From above description, it can be seen that the Convent was like a matrilineal society, which was totally in contrast with the Ruby town. The tolerant atmosphere of the Convent not only allowed women to forget about the past pains but also allowed them to reconstruct their new identities (Liang 2009). Those women helped each other and respected each other, who built up a paradise world for themselves. Since it made such contrast with women in the Ruby town, the Convent made men in Ruby Town hostile to it. That was why they wanted to kill women in the Convent. Interestingly, through the whole article, the woman who was murdered was not found.
There are dramatically different perspectives towards women and the Convert.

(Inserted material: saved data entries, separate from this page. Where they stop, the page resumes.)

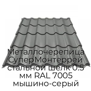 Металлочерепица СуперМонтеррей стальной шелк 0.5 мм RAL 7005 мышино-серый - продажа оптом и в розницу по цене от 779 руб. в Москве. Доставка по Москве и всей России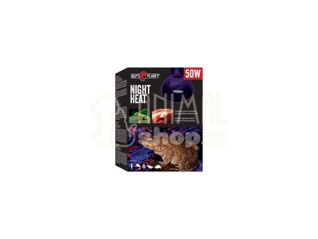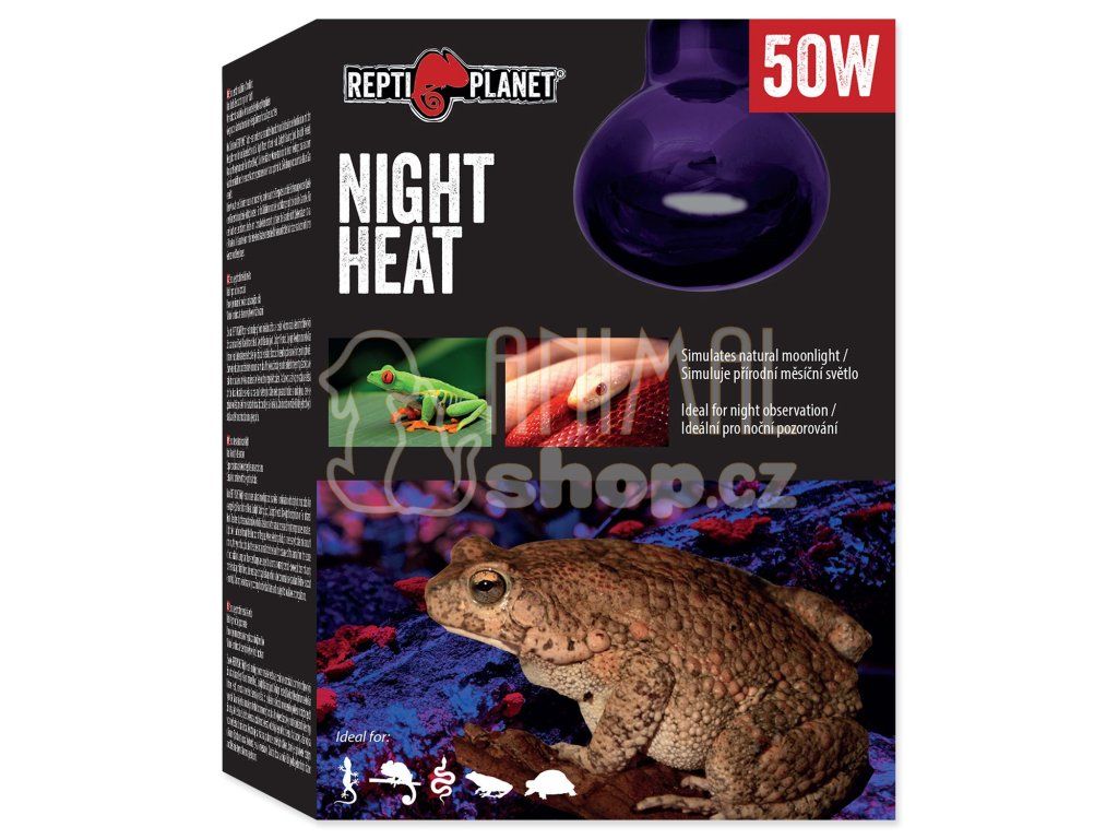 Žárovka Repti Planet Night Heat simuluje přírodní měsíční světlo a je ideální v kombinaci s denními výhřevnými žárovkami (např. Repti Planet Infrared Heat, Daylight Basking Spot, Daylight Frosted, Daylight Neodymium nebo Far Infrared Heat). Intenzita tepelného záření je nižší, což je ideální z důvodu přirozeného poklesu nočních teplot v přírodě. Zbarvení je dosaženo prostřednictvím modré barvy skla.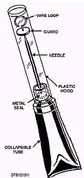 In WWII, the morphine syrette was included in first aid kits. It had a wire loop with a guard at the end of a hollow needle that was used to break a seal where the needle was attached to the tube. The wire loop was then removed and the needle was inserted under the skin at a shallow angle and the tube slowly squeezed from the sealed end (see subcutaneous injection).[2] After injection the used tube was often pinned to the receiving soldier's collar to inform others of the dose administered.[1]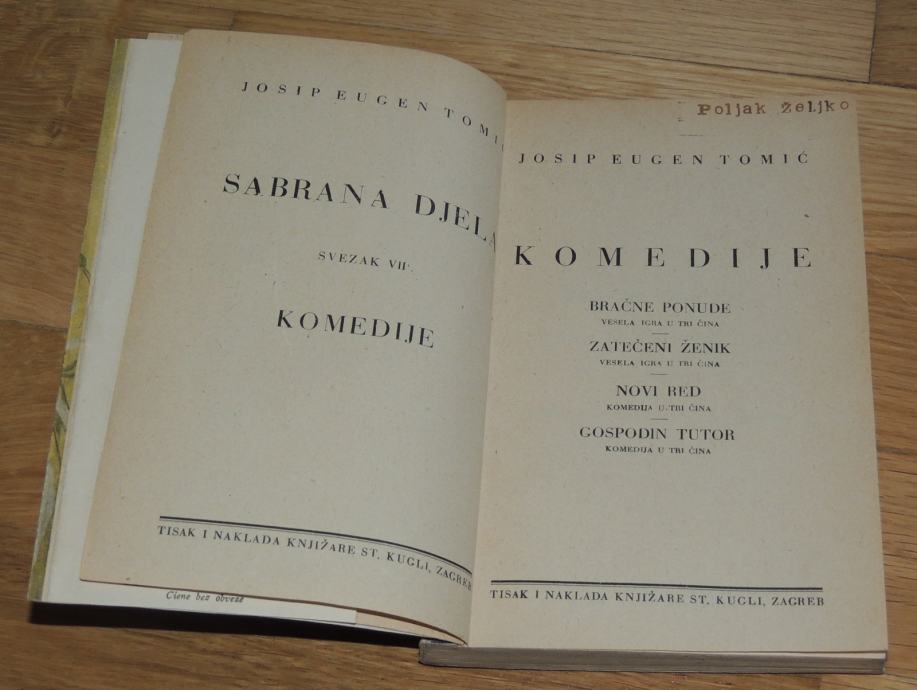 Josip Eugen Tomić Komedije naslovnica Maurović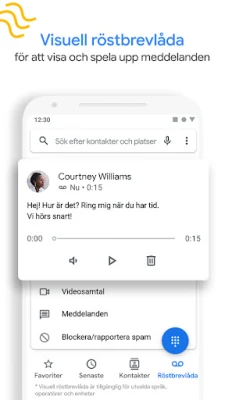 Förenkla din röstmeddelandeupplevelse med Telefonappens visuella funktioner. Istället för att ringa upp traditionella röstbrevlådor kan du bläddra igenom dina meddelanden direkt i appen, spela upp dem i valfri ordning, eller läsa transkriberingar för snabb överblick. Hantera dina meddelanden effektivt genom att spara eller radera dem med bara ett tryck. Allt detta presenteras genom en intuitiv och användarvänlig design som håller dina viktigaste kontakter nära till hands. Växla dessutom till det mörka läget för att både förlänga batteritiden och minska ansträngningen för ögonen under kvällstid.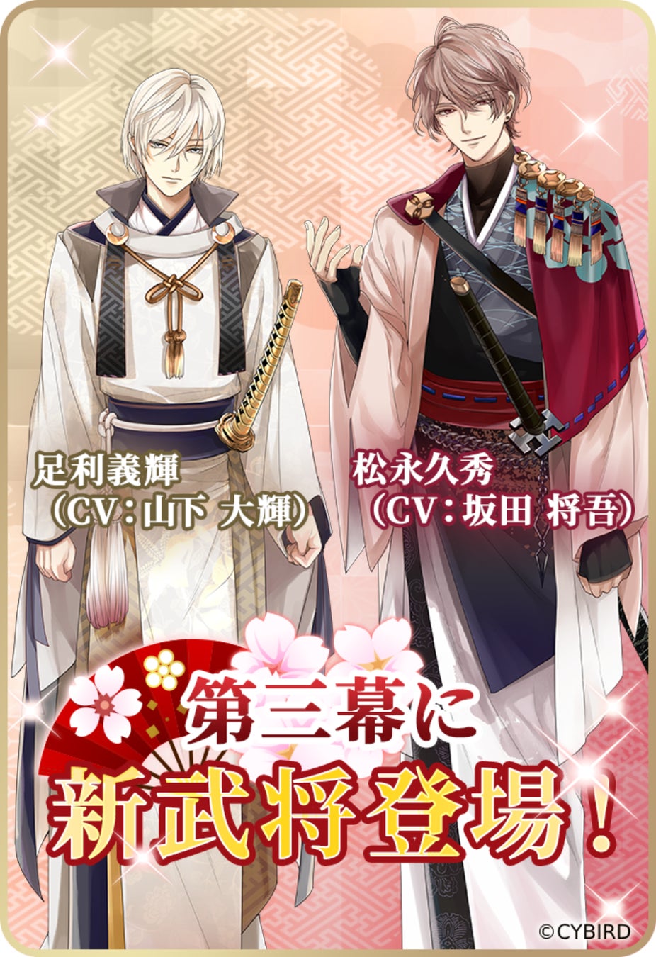 さらに、特別PVでは今後の重大告知や、第三幕に登場する新武将(足利義輝CV:山下大輝、松永久秀CV:坂田将吾)のビジュアルとCVが初公開されました。

In the eyes of men from the Ruby town, they think woman as totally attached to men and they should not consider many things, just as what Toni Morrison wrote as follows:
What, he wonders,could do this to women? How can their plain brains think up such things: revolting sex, deceit and the sly torture of children? (Paradise P17).
Besides, they also defined women as ‘whores’ and racially impure ‘slime’ (Paradise P288). They hated these women because women in the Convent did not follow the schedules they regulated. Thus, they thought women in the Convent: ‘Slack, they think. August just around the corner and these women have not even sorted, let alone washed, the jars’ (paradise P5). In their eyes, the woman from Convent represented ominousness, and they brought lots of disasters. However, in the eyes of women who fled to the Convent, Convent was a place full of love and hope. Now the following description was the memories of one woman who came to the Convent to seek for healing:
‘They had treated her well, not embarrassed her with sympathy, had just given her sunny kindness. Looking at her bruised face and swollen eye, they sliced cucumber for her lids after making her drink a glass of wine. No one insisted on hearing what drove her there, but she could tell they would listen if she wanted them to (Paradise P308).
From the above words, it could be seen that the Convent offered the woman caring, love and a good environment where she could deal with her physical treatment. Therefore, the impressions on the Convent are totally different from the eyes of women who came to the Convent and the men in Ruby town. Besides, the men in Ruby town thought that the discipline they had built formed a proper womanhood. When they thought that women in the Convent did not follow their rules, they regarded women in the Convent as a danger:
‘They operate outside the history and outside of the dominate history. They live on a different time schedule, without a schedule, without clocks, eating and sleeping according to whim or nature rather than sanctioned customs, thus collapsing conventional temporal coherence (Paradise 75).
In conclusion, Morrison continued her theme of her topic: exploring racialism and feminism. In her famous novel Paradise which demonstrated a rich and complicated theme, Morrison continued to explore feminism by comparing the life Ruby town where men dominated and the Convent where it was a matrilineal society. Men in Ruby town regarded women as persons affiliated with them. Hence, they thought women in the Convent as unconventional, and they thought women in the Convent exerted a bad influence on Children and women in Ruby town. Hence, they attributed all the fault on the Convent and intended to kill a woman in the Convent. The novel to some extent criticized the empery of patrilineal society that exerted great harm on women, which arouse the audience’s interest to explore the theme.